HPI/doc/DENYLIST.md
2023-02-28 20:55:12 +00:00

4.3 KiB

For code reference, see: my.core.denylist.py

A helper module for defining denylists for sources programmatically (in layman's terms, this lets you remove some particular output from a module you don't want)

Lets you specify a class, an attribute to match on, and a JSON file containing a list of values to deny/filter out

As an example, this will use the my.ip module, as filtering incorrect IPs was the original use case for this module:

class IP(NamedTuple):
    addr: str
    dt: datetime

A possible denylist file would contain:

[
    {
        "addr": "192.168.1.1",
    },
    {
        "dt": "2020-06-02T03:12:00+00:00",
    }
]

Note that if the value being compared to is not a single (non-array/object) JSON primitive (str, int, float, bool, None), it will be converted to a string before comparison

To use this in code:

from my.ip.all import ips
filtered = DenyList("~/data/ip_denylist.json").filter(ips())

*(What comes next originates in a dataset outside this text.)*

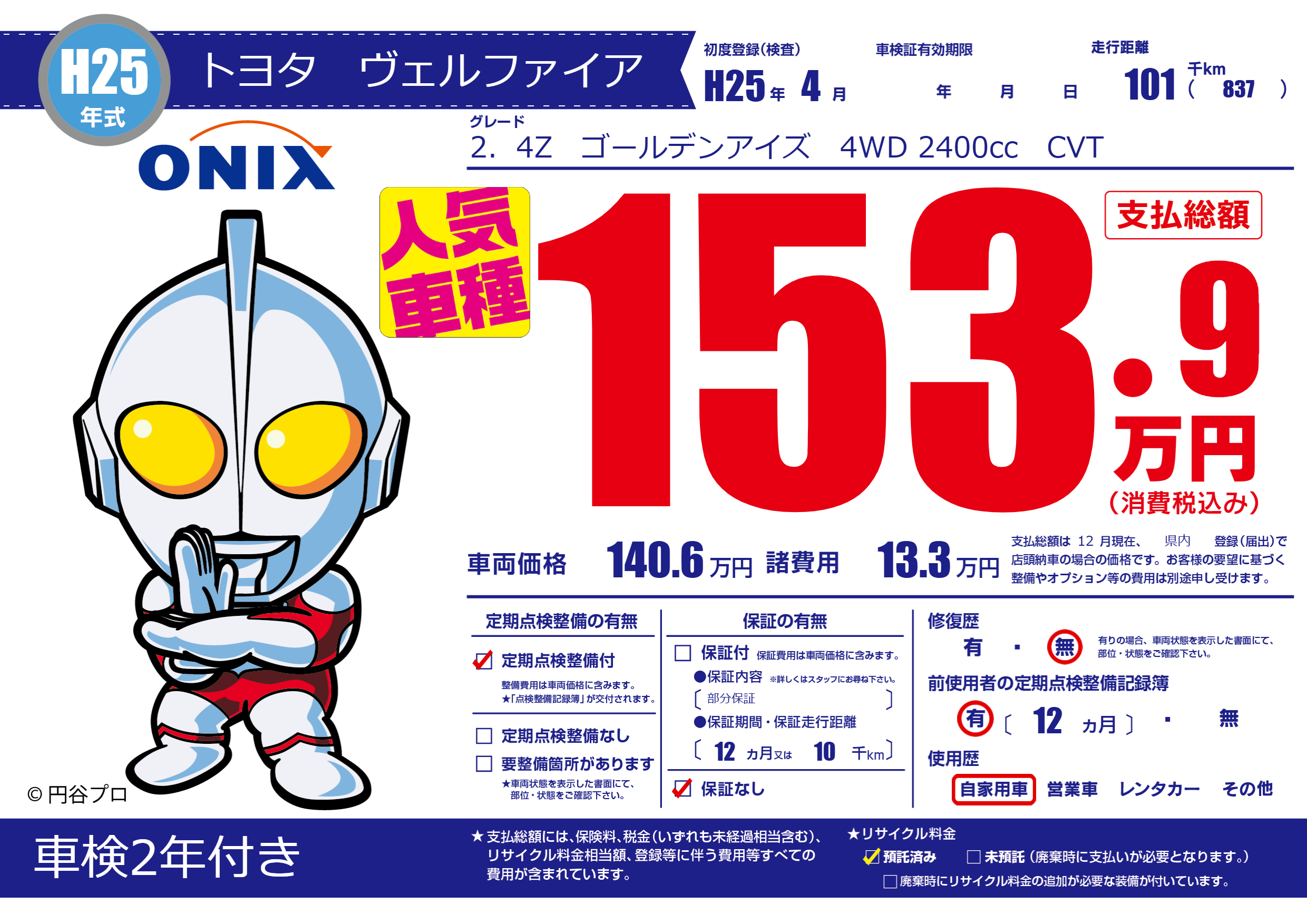 | 車名 | トヨタ ヴェルファイア | グレード ミッション 排気量 |

To add items to the denylist, in python (in a one-off script):

from my.ip.all import ips
from my.core.denylist import DenyList

d = DenyList("~/data/ip_denylist.json")

for ip in ips():
    # some custom code you define
    if ip.addr == ...:
        d.deny(key="ip", value=ip.ip)
    d.write()

... or interactively, which requires fzf and pyfzf-iter (python3 -m pip install pyfzf-iter) to be installed:

from my.ip.all import ips
from my.core.denylist import DenyList

d = DenyList("~/data/ip_denylist.json")
d.deny_cli(ips())  # automatically writes after each selection

That will open up an interactive fzf prompt, where you can select an item to add to the denylist

This is meant for relatively simple filters, where you want to filter items out based on a single attribute of a namedtuple/dataclass. If you want to do something more complex, I would recommend overriding the all.py file for that source and writing your own filter function there.

For more info on all.py:

https://github.com/karlicoss/HPI/blob/master/doc/MODULE_DESIGN.org#allpy

This would typically be used in an overridden all.py file, or in a one-off script which you may want to filter out some items from a source, progressively adding more items to the denylist as you go.

A potential my/ip/all.py file might look like (Sidenote: discord module from here):

from typing import Iterator

from my.ip.common import IP
from my.core.denylist import DenyList

deny = DenyList("~/data/ip_denylist.json")

# all possible data from the source
def _ips() -> Iterator[IP]:
    from my.ip import discord
    # could add other imports here

    yield from discord.ips()


# filtered data
def ips() -> Iterator[IP]:
    yield from deny.filter(_ips())

To add items to the denylist, you could create a __main__.py in your namespace package (in this case, my/ip/__main__.py), with contents like:

from my.ip import all

if __name__ == "__main__":
    all.deny.deny_cli(all.ips())

Which could then be called like: python3 -m my.ip

Or, you could just run it from the command line:

python3 -c 'from my.ip import all; all.deny.deny_cli(all.ips())'

To edit the all.py, you could either:

  • install it as editable (python3 -m pip install --user -e ./HPI), and then edit the file directly
  • or, create a namespace package, which splits the package across multiple directories. For info on that see MODULE_DESIGN, reorder_editable, and possibly the HPI-template to create your own HPI namespace package to create your own all.py file.

For a real example of this see, seanbreckenridge/HPI-personal

Sidenote: the reason why we want to specifically override the all.py and not just create a script that filters out the items you're not interested in is because we want to be able to import from my.ip.all or my.location.all from other modules and get the filtered results, without having to mix data filtering logic with parsing/loading/caching (the stuff HPI does)